All lines below must be repeated exactly, with the pictures omitted.

▶ **DATA BELOW**:
****************************************

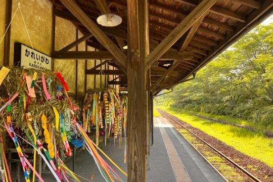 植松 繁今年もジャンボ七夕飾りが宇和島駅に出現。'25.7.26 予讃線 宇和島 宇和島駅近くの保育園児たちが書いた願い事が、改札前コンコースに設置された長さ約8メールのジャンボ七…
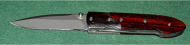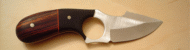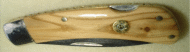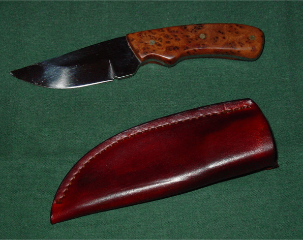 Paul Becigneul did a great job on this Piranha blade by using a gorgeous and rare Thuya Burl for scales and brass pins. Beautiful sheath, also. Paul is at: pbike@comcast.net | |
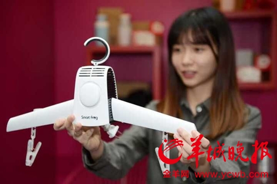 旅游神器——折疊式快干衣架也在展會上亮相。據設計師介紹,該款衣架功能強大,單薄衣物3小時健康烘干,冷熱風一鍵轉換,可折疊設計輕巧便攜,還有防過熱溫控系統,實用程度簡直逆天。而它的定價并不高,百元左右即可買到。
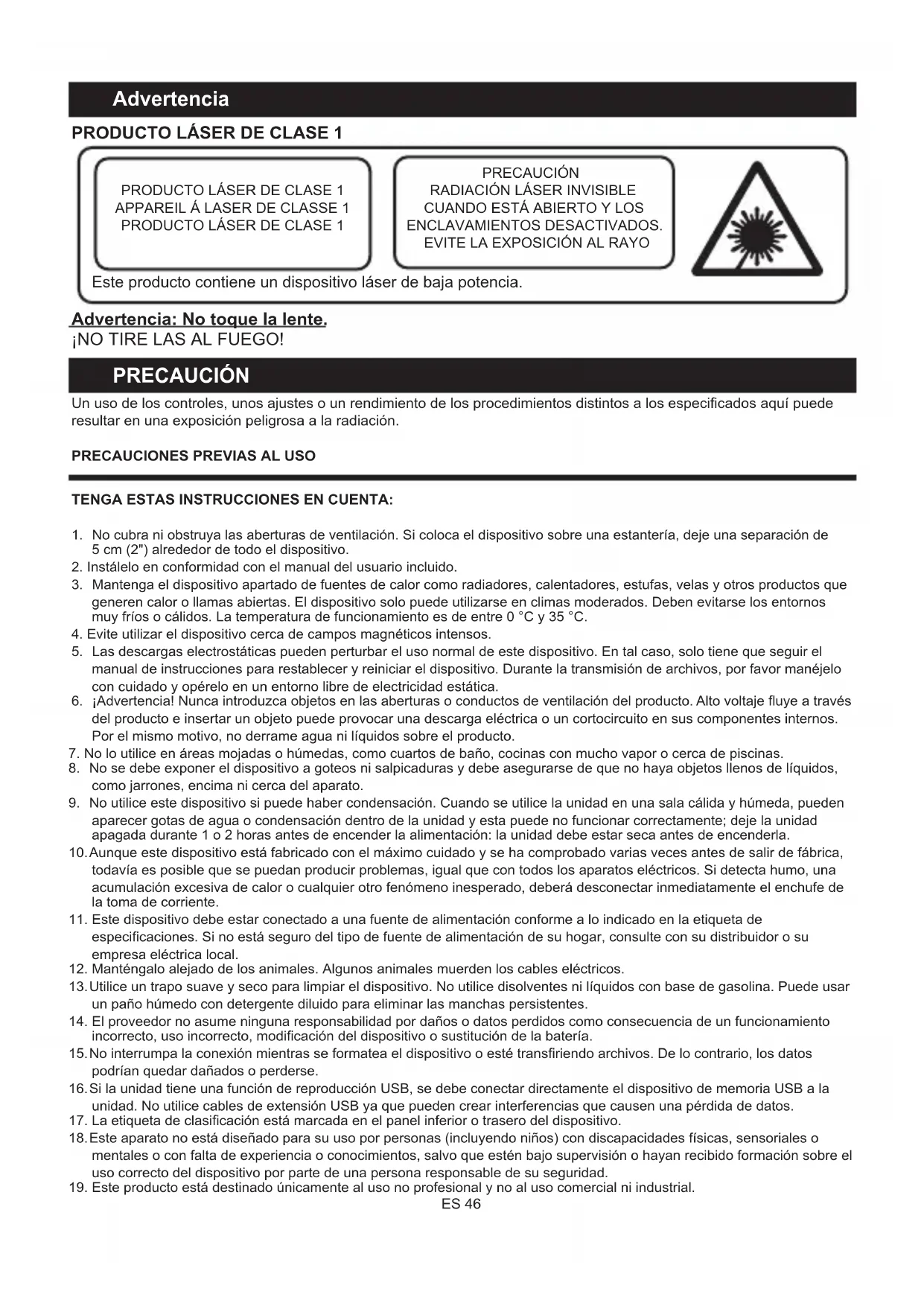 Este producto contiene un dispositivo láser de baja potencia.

****************************************

▶ **ANSWER TO THE EXERCISE**:
 植松 繁今年もジャンボ七夕飾りが宇和島駅に出現。'25.7.26 予讃線 宇和島 宇和島駅近くの保育園児たちが書いた願い事が、改札前コンコースに設置された長さ約8メールのジャンボ七…
 Paul Becigneul did a great job on this Piranha blade by using a gorgeous and rare Thuya Burl for scales and brass pins. Beautiful sheath, also. Paul is at: pbike@comcast.net | |
 旅游神器——折疊式快干衣架也在展會上亮相。據設計師介紹,該款衣架功能強大,單薄衣物3小時健康烘干,冷熱風一鍵轉換,可折疊設計輕巧便攜,還有防過熱溫控系統,實用程度簡直逆天。而它的定價并不高,百元左右即可買到。
 Este producto contiene un dispositivo láser de baja potencia.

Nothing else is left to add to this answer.